Assim nasceu Os Fantoches. A crítica, inclusive da própria Pagu, levou o autor a se mudar para São Paulo. Na capital paulista, se casou com a atriz Valderez de Barros e também viveu uma terrível onda de censura.

Plínio teve textos proibidos e seu nome na lista dos que deveriam “sumir”. Foi assim que o dramaturgo se tornou galã em Beto Rockefeller. A participação na novela tinha dois objetivos: manter Plínio vivo e alimentar sua família.

“Em 1969, as coisas já estavam muito difíceis para quem defendia a liberdade de expressão. O Plínio era uma dessas pessoas, com várias obras já censuradas”.

Além das peças, os textos escritos para o jornal também ficavam no chão da redação, desperdiçados. Já que as novelas eram quase ao vivo, os militares não podiam sumir com ele sem que o Brasil inteiro soubesse do ocorrido. Às vezes, ele ia preso, mas acabava solto no dia seguinte para gravar.

Censura no Teatro Coliseu

Apesar de viver em São Paulo, Plínio continuava com o coração e a criatividade em Santos.

Assim, ele escreveu Querô, história que acontece na região da Bacia do Mercado e que cita, entre outras coisas, a Igreja do Valongo. Anos depois, em Dois Perdidos em uma Noite Suja, o mercado aparece de novo. Aliás, esse texto sofreu censura durante uma leitura no Teatro Coliseu, aqui em Santos.

“A polícia chegou falando que não podiam fazer a apresentação. Mas o Plínio insistiu, disse que era santista e que ia fazer sim. Mandou buscar reforços”.

Enquanto a polícia ia em busca de ajuda, Plínio e uma turma de santistas fechou o teatro e colocou reforço nas portas, de modo a dificultar a entrada. A leitura foi feita, mas o santista saiu preso, mais uma vez, ao final do espetáculo.

Em crônica publicada anos depois, o santista relatou o ocorrido:

“Quando fui apresentar Dois perdidos foi aquela cascata. As autoridades não queriam de jeito nenhum deixar meu recado ser encarado no palco do Coliseu. O povão, meu povão, estava firme lá. Duas mil pessoas para ver o seu artista. Meu Deus, que coisa linda (…)”.

A vida do Plínio Marcos em Santos

Existem em Santos e nas obras de Plínio Marcos muitas outras similaridades.

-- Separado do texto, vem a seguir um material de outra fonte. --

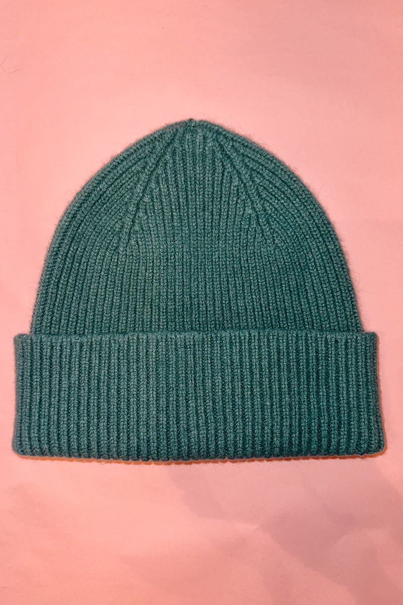 Beanie "Barra" Grüntöne aus Merino- und Angorawolle, von Mackie aus Schottland.
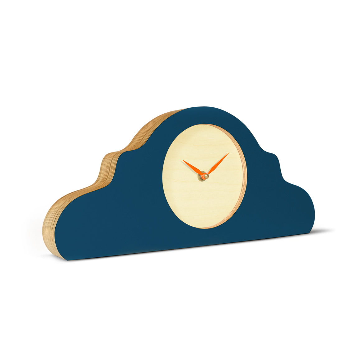 Mantel Clock Petrol Blue – Face: Bare Wood ; Hands: Neon Orange
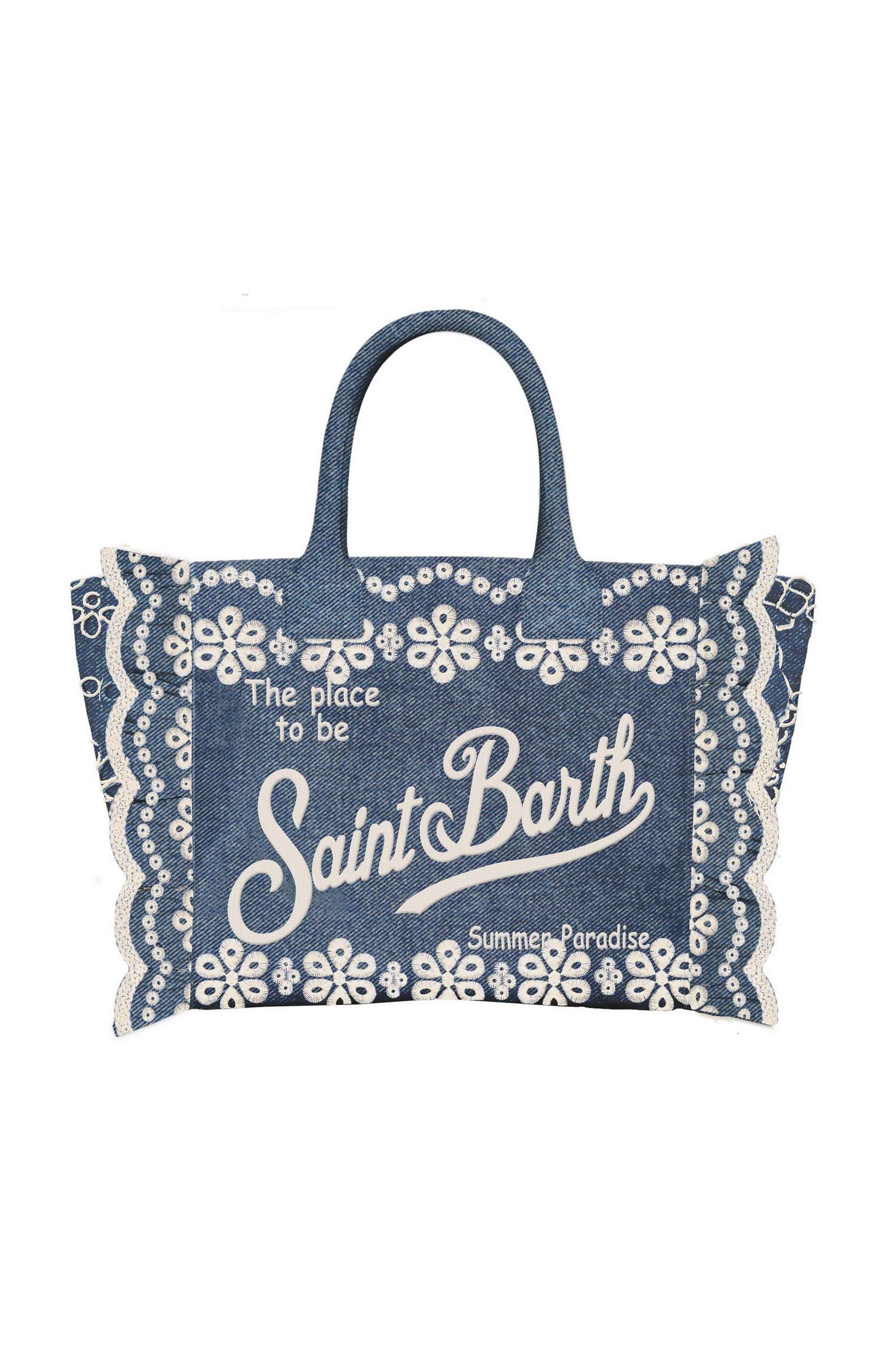 BORSA CON TRACOLLA IN TESSUTO JEANS.
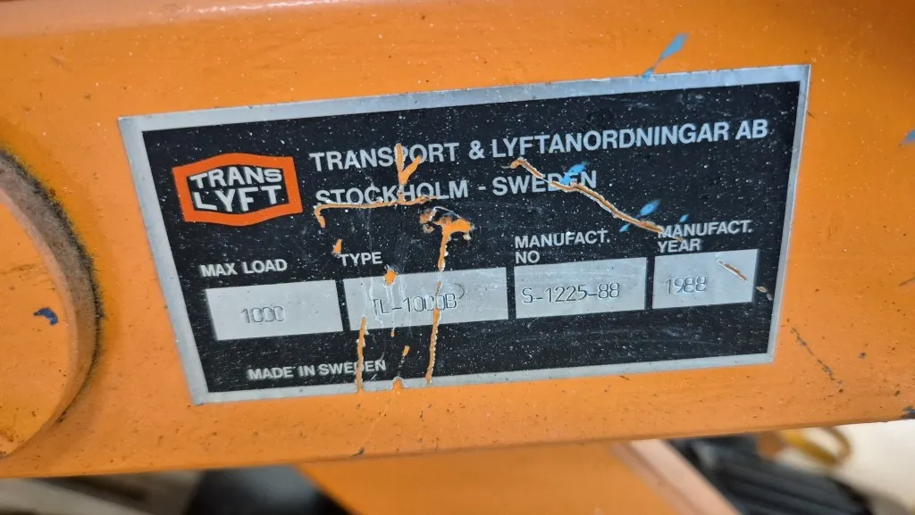 22171. LYFTBORD TRANSLYFT 1000KG Rep.objekt
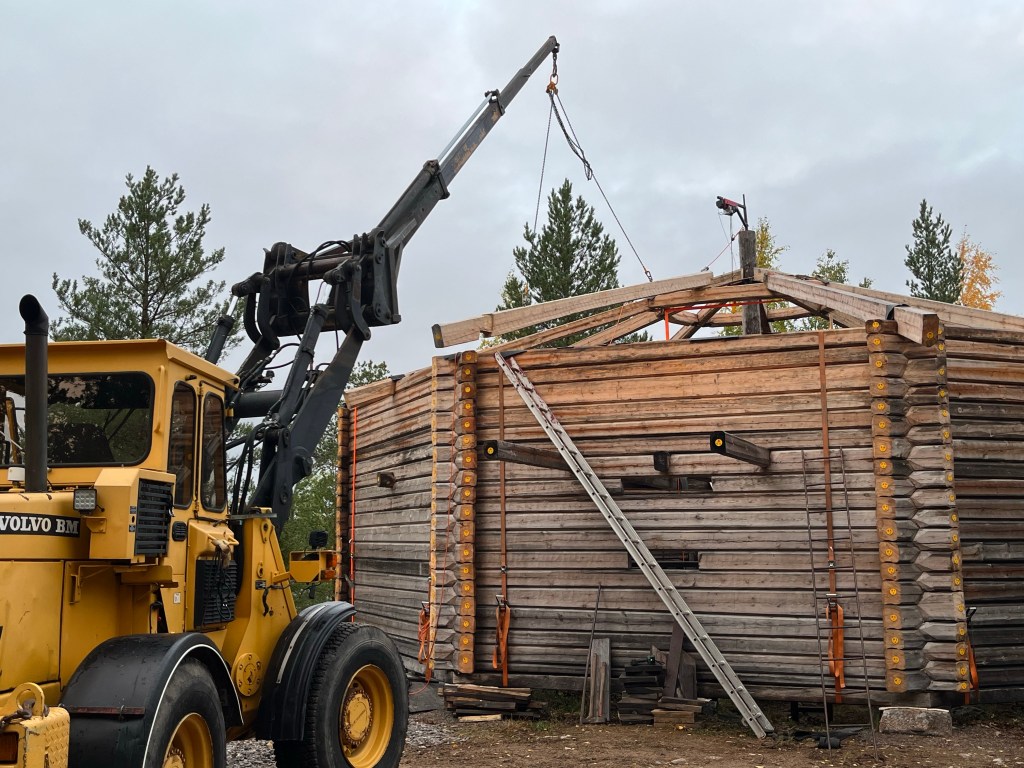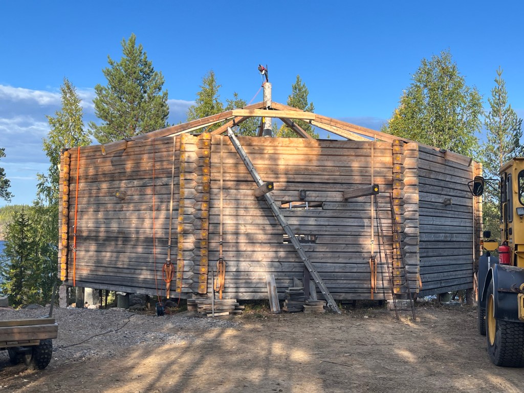 Jag själv har ägnat några dagar till att förbereda slutfasen genom att sätta upp de ”kortlingar” som ska hålla upp de takstolar som löper från de 8 knutarna. Jag har även påbörjat arbetet med att täcka syllen (golvbjälklaget) med plåtar för att skydda den mot fukt. Jag kommer behöva göra motsvarande för att skydda åsarna, knutarna i det översta väggvarvet och takstolarna.

Todas elas foram contadas por Kiko de Barros, no Rolê nas Quebradas, durante o FESTA61. O passeio, do qual o Juicy Santos participou, funcionou como uma aula.

E teve como espectador casual um jovem vendedor de balas que caminhava com destino às catraias e decidiu se morar por ali. Ouviu a leitura e seguiu em direção ao barulho ensurdecedor daquela região.

juicysantos.com.br - Plinio Marcos em SantosImagem: Rodrigo Montaldi/ Festa61

Ele não sabia quem era Plínio Marcos. Não imaginava, mas já fora ilustrado pelo autor que o emocionou.